Sur un peu plus de deux kilomètres, l'unique route reliant la capitale à la moitié sud du pays traverse le quartier pauvre de Martissant totalement sous contrôle des gangs armés depuis début juin, empêchant la libre circulation.
"Nous savons tous que nous avons un problème sur Martissant. Nous avons décidé que cette voie serait perméable c’est-à-dire qu’il faut que toute l’aide puisse passer" a déclaré le premier ministre Ariel Henry lors d'un point de presse samedi soir.
"La police ainsi que les FAD'H (Forces armées d'Haïti, ndlr) sont mobilisées et d’autres moyens sont mobilisés afin que cette aide que nous voulons acheminer à nos frères et sœurs en difficulté puisse arriver", a ajouté le chef du gouvernement sans fournir davantage d'explications.
Le président américain Joe Biden a fait part samedi de sa "tristesse" face à la catastrophe, offrant l'assistante "immédiate" des États-Unis. Il a chargé la directrice de l'agence américaine d'aide internationale (USAID), Samantha Powers, de coordonner cet effort.
Hôtel et maisons effondrés
Sur la côte sud, un hôtel de plusieurs étages, baptisé Le Manguier, s'est totalement effondré aux Cayes, troisième ville d'Haïti. Le corps sans vie de l'ancien sénateur haïtien Gabriel Fortuné, propriétaire de l'hôtel, a été retiré des décombres, selon des témoins. Sa mort a été confirmée par le Premier ministre.
La longue secousse a été ressentie sur l'ensemble du pays. Comptant plus de 200.000 habitants, l'agglomération de Jérémie, à l'extrémité sud-ouest de la péninsule, a souffert d'importants dommages dans le centre-ville, constitué principalement d'anciennes maisons de plain-pied.
"Le toit de la cathédrale est tombé", a détaillé à l'AFP Job Joseph, habitant de Jérémie. "La grande rue est bloquée (...) C'est là qu'il y a toute l'activité économique de la ville". "Les gens sont affolés, les parents sont avec leurs enfants dans les bras et quittent la ville car il y a des rumeurs de tsunami", a abondé Tamas Jean Pierre.
Une alerte au tsunami avait en effet été lancée dans la foulée du séisme par l'Agence nationale océanique et atmosphérique américaine avant d'être rapidement levée.

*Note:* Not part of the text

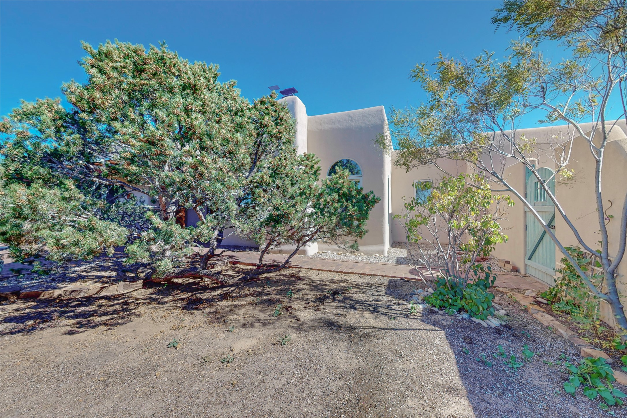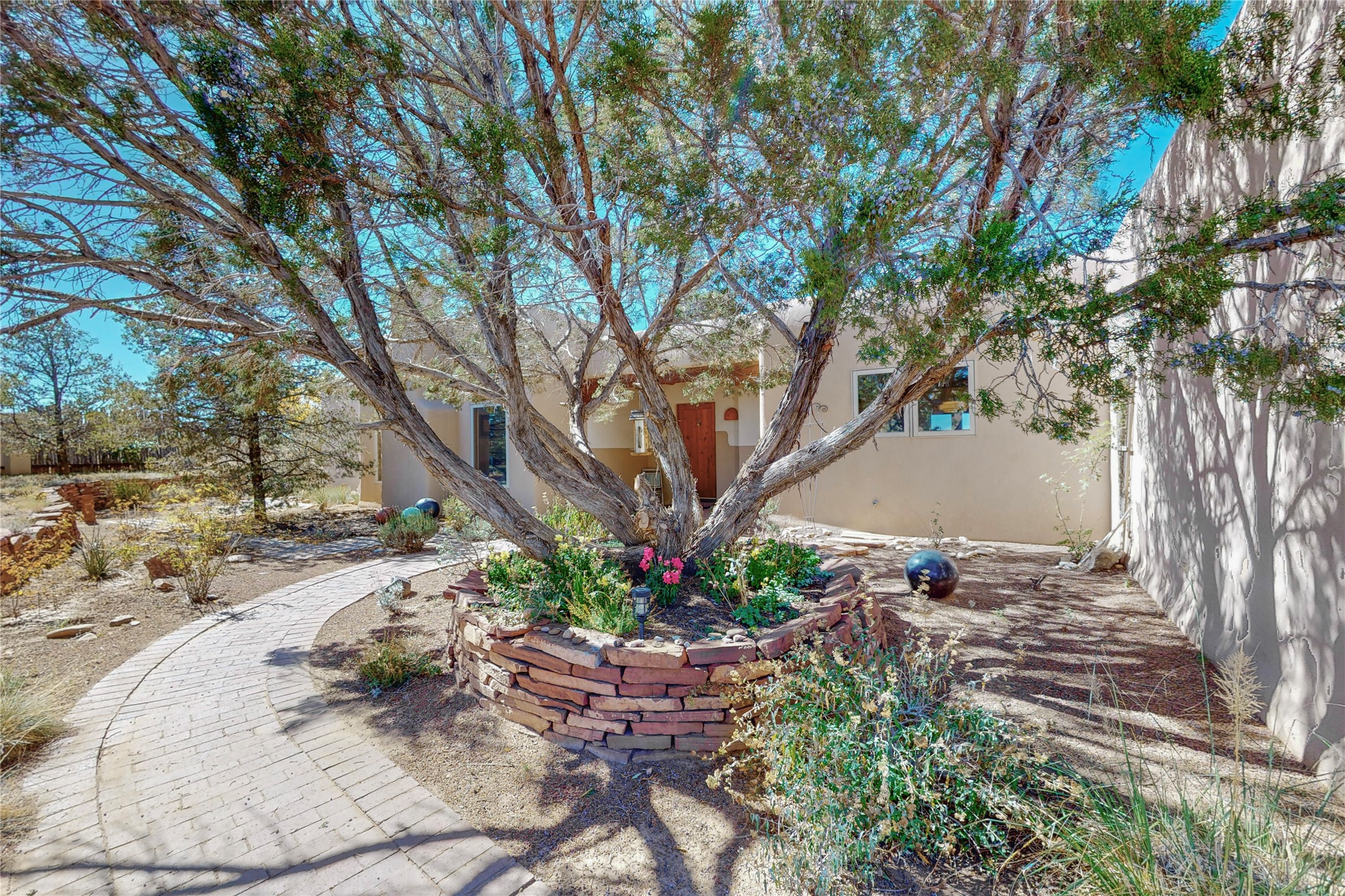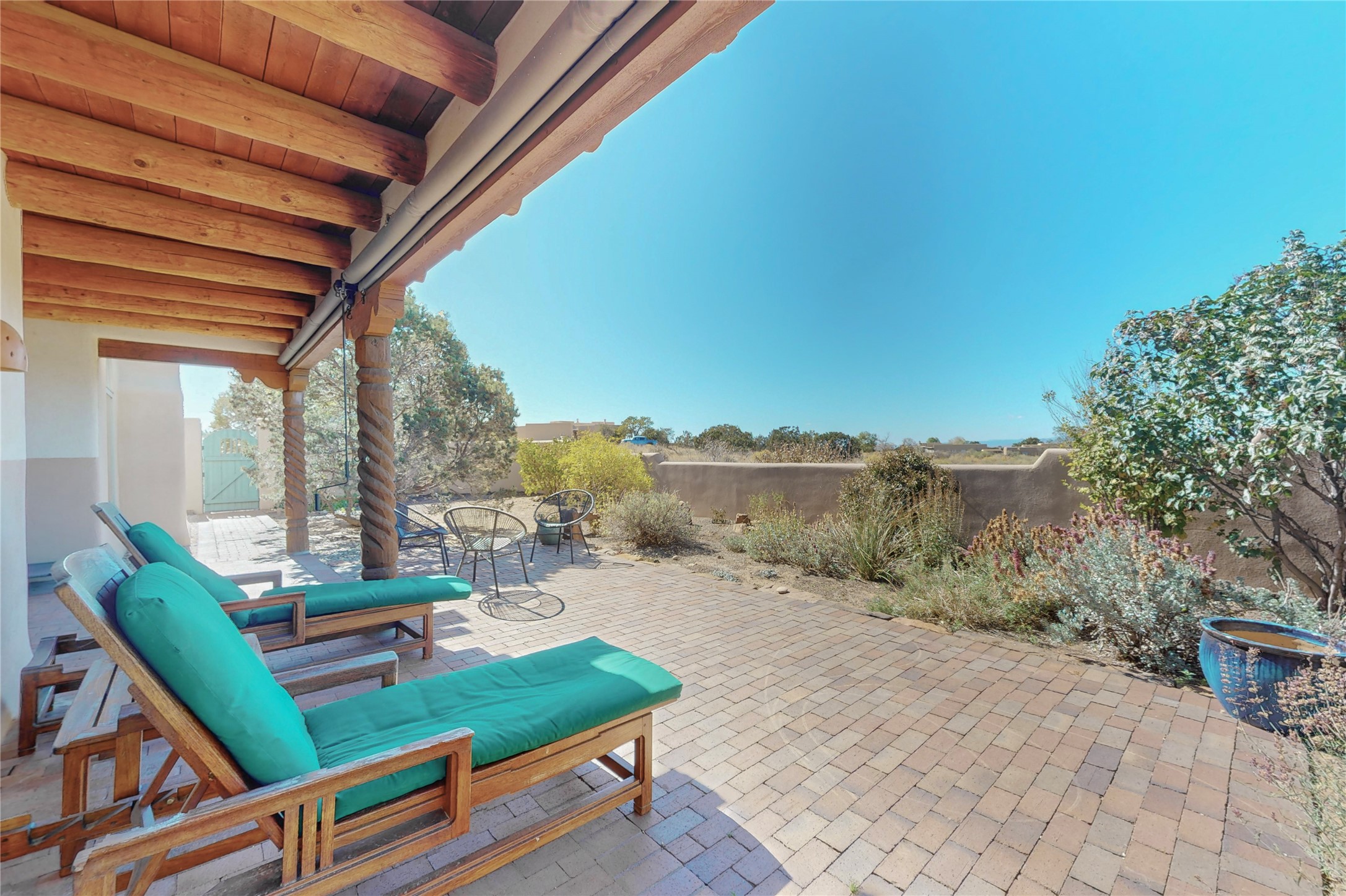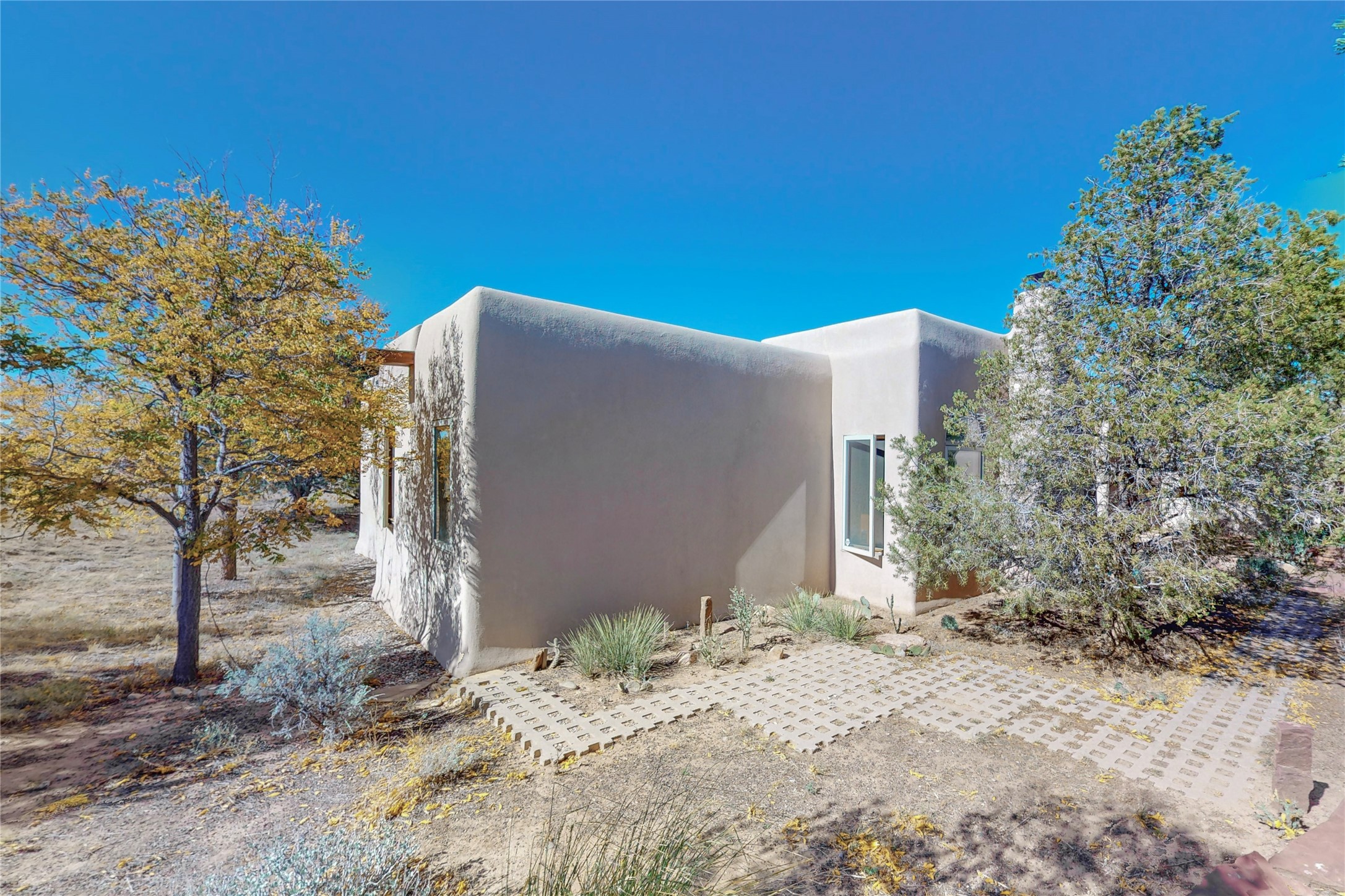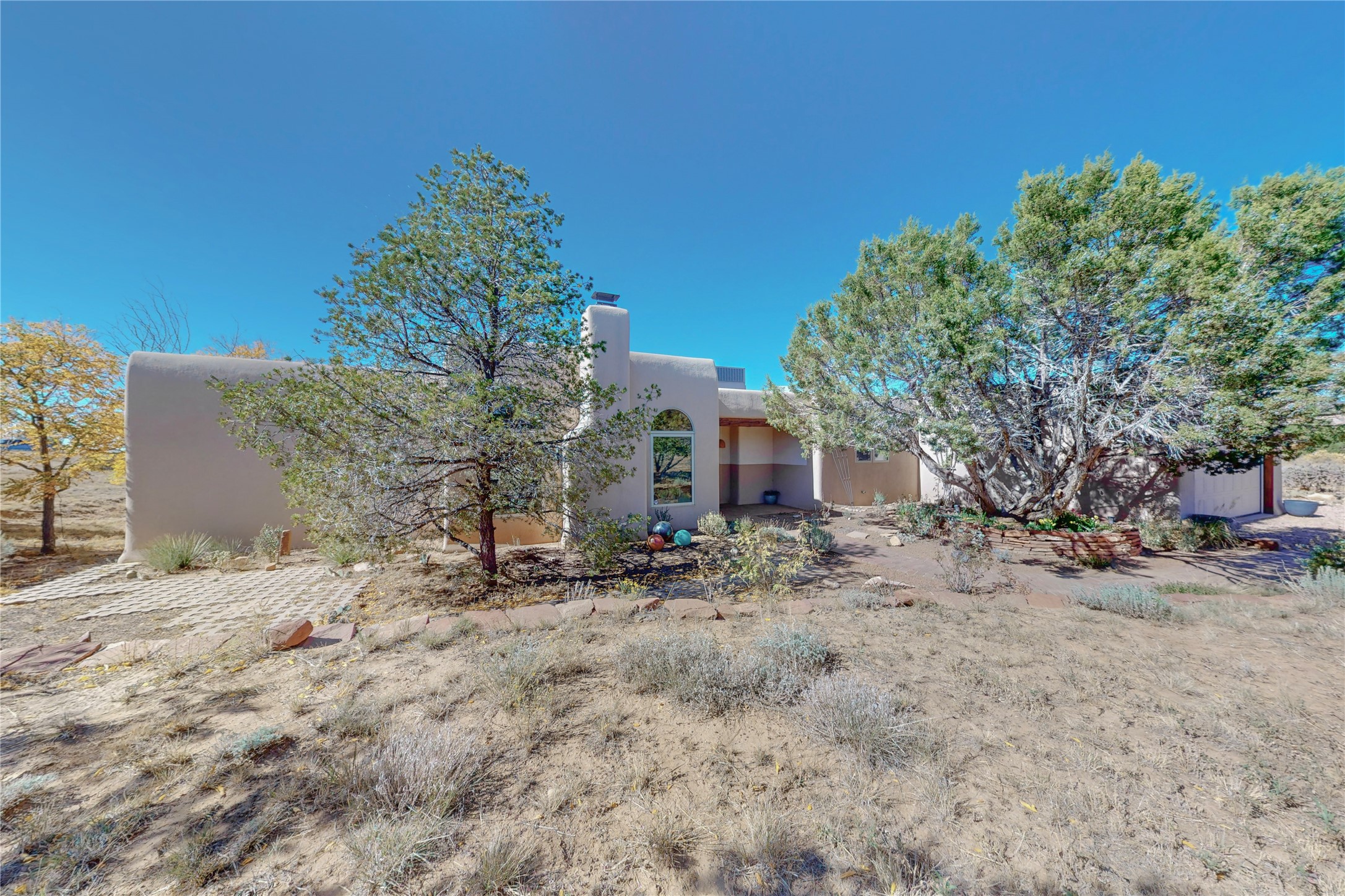 Gracious light open plan, 2230+ sq.ft. split bedroom design built by Adobeworks sitting high up on a cul de sac in Eldorado. Contemporary pueblo with high viga ceilings, dramatic custom kiva fireplace, nichos, corballed beams and tile floors in main living areas. A sunny large kitchen with island and pantry flows to a formal dining area with outside portal for dining with fabulous sweeping sunset mountain vistas . Owners suite features a romantic corner kiva and viga ceilings with a door to a privately walled garden and bath with walk in closet, separate shower and tub. There is a lovely library/music room with a central Rumford style fireplace and 2 bedroom, full bath guest suite. Close to both Eldorado amenities and local community services, trails and shopping plus only minutes into Santa Fe. This home is a must see.

La ville de Jérémie, surnommée la cité des poètes, est relativement isolée du reste du pays car la route nationale qui traverse l'île n'est pas encore achevée.
"J'étais à l'intérieur de chez moi quand ça a commencé à secouer, j'étais près d'une vitre et je voyais toutes les choses tomber", a raconté de son côté à l'AFP, Christella Saint Hilaire, 21 ans, qui vit dans la commune de L'Asile, près de l'épicentre du séisme. "Un bout de mur est tombé sur mon dos mais je ne suis pas trop blessée", a poursuivi la jeune femme. "Plusieurs maisons se sont complètement effondrées."
Le traumatisme du séisme de 2010
Sur des vidéos partagées en ligne, des riverains ont ainsi filmé des ruines de divers bâtiments en béton, dont une église dans laquelle une cérémonie était apparemment en cours samedi matin dans la commune de Les Anglais, à 200km au sud-ouest de Port-au-Prince.
Le pays le plus pauvre des Amériques garde encore en mémoire le séisme du 12 janvier 2010 qui avait ravagé la capitale et plusieurs villes de province.
Plus de 200.000 personnes avaient été tuées et plus de 300.000 autres avaient été blessées lors de la catastrophe. Plus d'un million et demi d'Haïtiens s'étaient ensuite retrouvés sans logis, plaçant les autorités et la communauté humanitaire internationale devant le colossal défi d'une reconstruction dans un pays sans cadastre ni règles de bâtisse.
Sans parvenir à relever ce défi de reconstruction, Haïti qui est aussi frappé régulièrement par des ouragans, a en onze ans plongé dans une crise socio-politique aigüe.